-- Opening Marker --

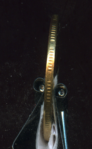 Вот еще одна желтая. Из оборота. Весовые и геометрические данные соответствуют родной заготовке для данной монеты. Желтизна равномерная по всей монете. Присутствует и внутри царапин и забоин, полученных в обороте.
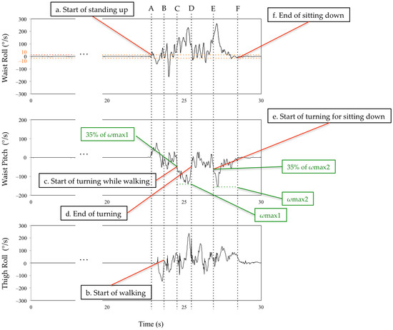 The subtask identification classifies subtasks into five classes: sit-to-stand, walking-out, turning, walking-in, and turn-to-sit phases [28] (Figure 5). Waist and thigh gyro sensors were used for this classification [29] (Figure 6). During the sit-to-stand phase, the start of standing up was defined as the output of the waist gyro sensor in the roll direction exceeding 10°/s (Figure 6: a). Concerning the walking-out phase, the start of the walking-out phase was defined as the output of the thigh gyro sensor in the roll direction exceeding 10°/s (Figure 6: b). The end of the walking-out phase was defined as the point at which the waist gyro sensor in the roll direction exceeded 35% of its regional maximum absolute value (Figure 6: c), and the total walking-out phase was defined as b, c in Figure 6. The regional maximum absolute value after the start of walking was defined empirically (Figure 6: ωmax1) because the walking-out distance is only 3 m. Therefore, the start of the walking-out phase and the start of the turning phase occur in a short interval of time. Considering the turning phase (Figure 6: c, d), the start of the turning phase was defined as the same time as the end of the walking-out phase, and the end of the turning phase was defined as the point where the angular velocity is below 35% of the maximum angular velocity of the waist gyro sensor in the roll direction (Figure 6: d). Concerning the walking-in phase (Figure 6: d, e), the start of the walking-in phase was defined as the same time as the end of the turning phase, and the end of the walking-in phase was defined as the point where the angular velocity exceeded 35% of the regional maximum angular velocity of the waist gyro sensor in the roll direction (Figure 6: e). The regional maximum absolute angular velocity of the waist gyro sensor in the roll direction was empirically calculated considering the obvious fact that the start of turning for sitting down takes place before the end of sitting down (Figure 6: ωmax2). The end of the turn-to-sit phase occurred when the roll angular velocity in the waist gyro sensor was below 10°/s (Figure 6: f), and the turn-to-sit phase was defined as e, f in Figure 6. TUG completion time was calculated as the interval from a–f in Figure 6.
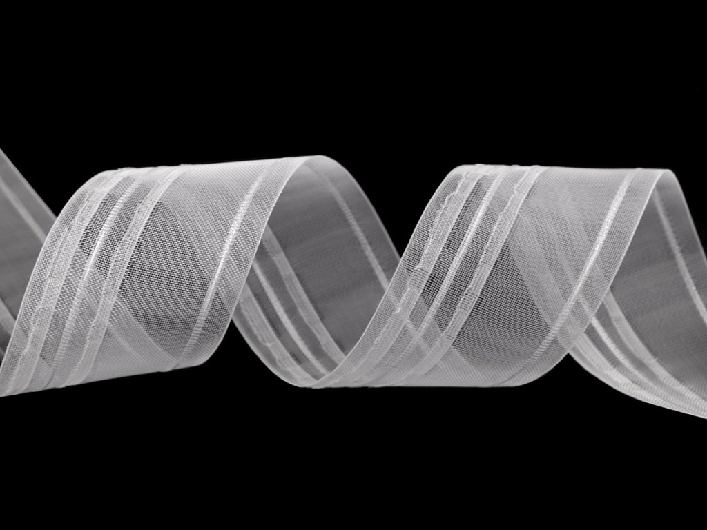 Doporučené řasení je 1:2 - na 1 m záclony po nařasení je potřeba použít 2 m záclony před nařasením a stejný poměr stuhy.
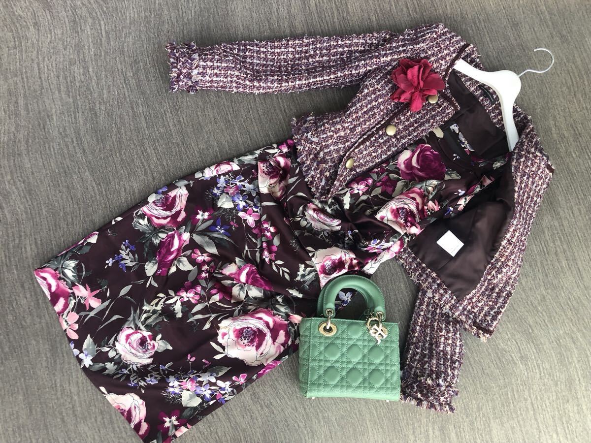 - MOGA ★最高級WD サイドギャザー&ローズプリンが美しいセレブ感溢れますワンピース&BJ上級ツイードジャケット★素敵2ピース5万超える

-- Closing Marker --

Retype the listing above exactly, please. Pictures do not belong in the copy.

● Answer for this exercise
 Вот еще одна желтая. Из оборота. Весовые и геометрические данные соответствуют родной заготовке для данной монеты. Желтизна равномерная по всей монете. Присутствует и внутри царапин и забоин, полученных в обороте.
 The subtask identification classifies subtasks into five classes: sit-to-stand, walking-out, turning, walking-in, and turn-to-sit phases [28] (Figure 5). Waist and thigh gyro sensors were used for this classification [29] (Figure 6). During the sit-to-stand phase, the start of standing up was defined as the output of the waist gyro sensor in the roll direction exceeding 10°/s (Figure 6: a). Concerning the walking-out phase, the start of the walking-out phase was defined as the output of the thigh gyro sensor in the roll direction exceeding 10°/s (Figure 6: b). The end of the walking-out phase was defined as the point at which the waist gyro sensor in the roll direction exceeded 35% of its regional maximum absolute value (Figure 6: c), and the total walking-out phase was defined as b, c in Figure 6. The regional maximum absolute value after the start of walking was defined empirically (Figure 6: ωmax1) because the walking-out distance is only 3 m. Therefore, the start of the walking-out phase and the start of the turning phase occur in a short interval of time. Considering the turning phase (Figure 6: c, d), the start of the turning phase was defined as the same time as the end of the walking-out phase, and the end of the turning phase was defined as the point where the angular velocity is below 35% of the maximum angular velocity of the waist gyro sensor in the roll direction (Figure 6: d). Concerning the walking-in phase (Figure 6: d, e), the start of the walking-in phase was defined as the same time as the end of the turning phase, and the end of the walking-in phase was defined as the point where the angular velocity exceeded 35% of the regional maximum angular velocity of the waist gyro sensor in the roll direction (Figure 6: e). The regional maximum absolute angular velocity of the waist gyro sensor in the roll direction was empirically calculated considering the obvious fact that the start of turning for sitting down takes place before the end of sitting down (Figure 6: ωmax2). The end of the turn-to-sit phase occurred when the roll angular velocity in the waist gyro sensor was below 10°/s (Figure 6: f), and the turn-to-sit phase was defined as e, f in Figure 6. TUG completion time was calculated as the interval from a–f in Figure 6.
 Doporučené řasení je 1:2 - na 1 m záclony po nařasení je potřeba použít 2 m záclony před nařasením a stejný poměr stuhy.
 - MOGA ★最高級WD サイドギャザー&ローズプリンが美しいセレブ感溢れますワンピース&BJ上級ツイードジャケット★素敵2ピース5万超える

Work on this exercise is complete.